Figure 1: Microsoft Server Virtualization Components
Host Operating System
A virtualized hardware platform requires a foundational operating system (OS) into which system engineers install the virtualization components. In a Windows Server 2008 R2 environment, this requires a 64-bit version of Server Standard, Enterprise, or Datacenter. This is either a standard install or an implementation of Server Core. Later in this article, we see how the implementation you choose affects security.
Hyper-V
A hypervisor abstracts the host server’s hardware from the virtual machines. Microsoft named its hypervisor Hyper-V. It’s a very thin layer performing the following tasks (see Figure 2):
Optimizes virtual machine (VM) interrupt calls Manages shared memory In general, it enables VM use of system resources without having to access the host operating system, while managing those resources as configured in the management operating system
What it does not do is run anything else. For example, it will not run third party drivers. The small attack surface presented by Hyper-V is an out-of-the-box security control. Hyper-V and related management files are installed as part of installing the Hyper-V server role on the Host.

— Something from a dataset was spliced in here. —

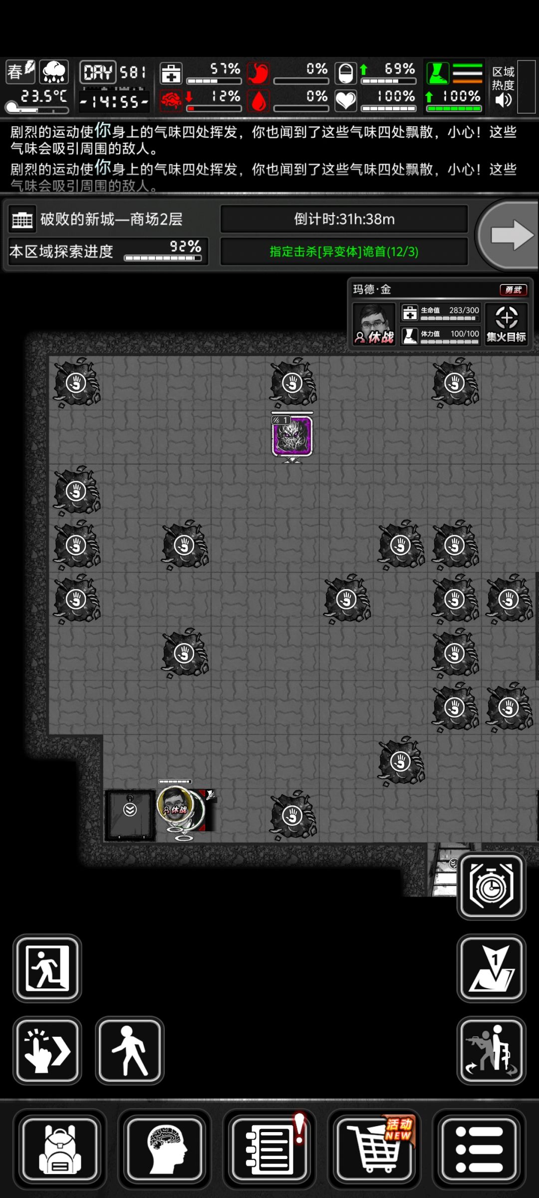 ■首先有请最让人头疼的深夜大块头登场。 ■这距离多看一眼就要爆炸。 ○不要尝试平a,胃炎平a频率对新手来说是地狱级别的。 ■我们往上走两个格子,然后结束回合。 ○注意,如果你奔跑姿态走,能多争取一枪到两枪的时间,对自己暴击率不自信的话,还是用跑的。 ○当然你也可以趁这个时间把装备、弹药补一补,但这会让你少打一枪。 ■好了,胃炎跟上来了。 ■现在是完美的输出时间,因为它想攻击到玩家还得再走一格。 ■

Figure 2: Microsoft Server Virtualization (Microsoft MSDN, 2011)
Partitions
Partitions are isolated operational entities within a virtualized environment. According to Microsoft MSDN (2011), “A partition is a logical unit of isolation, supported by the hypervisor, in which operating systems execute” (para. 2). A more workable definition is: partitions are the areas in which guest operating systems execute. However, not all partitions are equal. The Root (a.k.a. Parent) partition (RP) is a mandatory instance of Windows Server. The virtualization stack resides here, and administrators use it to create, initiate, stop, and manage VM instances. It also differs from child partitions in its ability to directly access hardware resources (Microsoft MSDN, 2011). Although the RP is important, no production systems are run within it. This is the role of child partitions. Child (or guest) partitions (CP) contain production systems and operate just as their hardware peers. The difference is their lack of direct access to resources provided by the underlying hardware platform. Instead, “they have a virtual view of the processor and run in a virtual memory address region that is private to each guest partition” (Microsoft MSDN, 2011, para. 4). The RP and the hypervisor enable use of internal and external resources, including connectivity to a physical network. I could dig deeper into the various services and interfaces enabling Microsoft Virtualization, but this high-level view is sufficient to begin a discussion about Hyper-V and VM security. For details about the components depicted in Figure 2, see the supplied reference.
Reduce the Attack Surface
The attack surface of a virtualized Microsoft server environment potentially consists of all the components discussed above, including all supporting files and drivers. Its actual size, however, depends on how well we perform the following steps: Step 1: Harden the Host Step 2: Harden the management and VM operating systems Step 3: Ensure configuration of all user roles with least privilege access Step 4: Use administrator roles to implement separation of Host, RP, and VM management Step 5: Secure VM files, including hard disk, backups, and archives Step 6: Enable auditing Step 7: Patch archived VMs Step 8: Use VLANs and multiple network interface cards (NICs) to isolate management and VM access Step 9: Use virtual networks to isolate VMs on the same host Step 10: Manage proliferation
Step 1: Harden the Host
The Host consists of the hardware and operating system that underlie the hypervisor, as shown in Figure 1. The Host operating system is subject to all vulnerabilities expected in a Microsoft Server implementation, including extra services. The best way to reduce the Host’s attack surface is to eliminate common vulnerabilities. Simply, just don’t install them. A Windows Server Core implementation is the best way to achieve this. Server Core is a minimal installation of Windows Server. According to Microsoft TechNet (2011), the purpose of Server Core is “…to eliminate any services and other features that are not essential for the support of certain commonly used server roles. For example, a Domain Name System (DNS) server really doesn’t need Windows Internet Explorer installed on it because you wouldn’t want to browse the Web from a DNS server for security reasons. And a DNS server doesn’t even need a graphical user interface (GUI), because you can manage virtually all aspects of DNS either from the command line using the powerful Dnscmd.exe command, or remotely using the DNS Microsoft Management Console (MMC) snap-in” (Full vs. Server Core, para. 2). Server Core is not without constraints. Third party drivers and services may not work properly. If this is a problem for you, then implement a full version of Server. Whether you use Core or a full implementation, use common sense and best practices to secure your Host. For more information on Server hardening practices, see Microsoft’s Server 2008 R2 Security Baseline.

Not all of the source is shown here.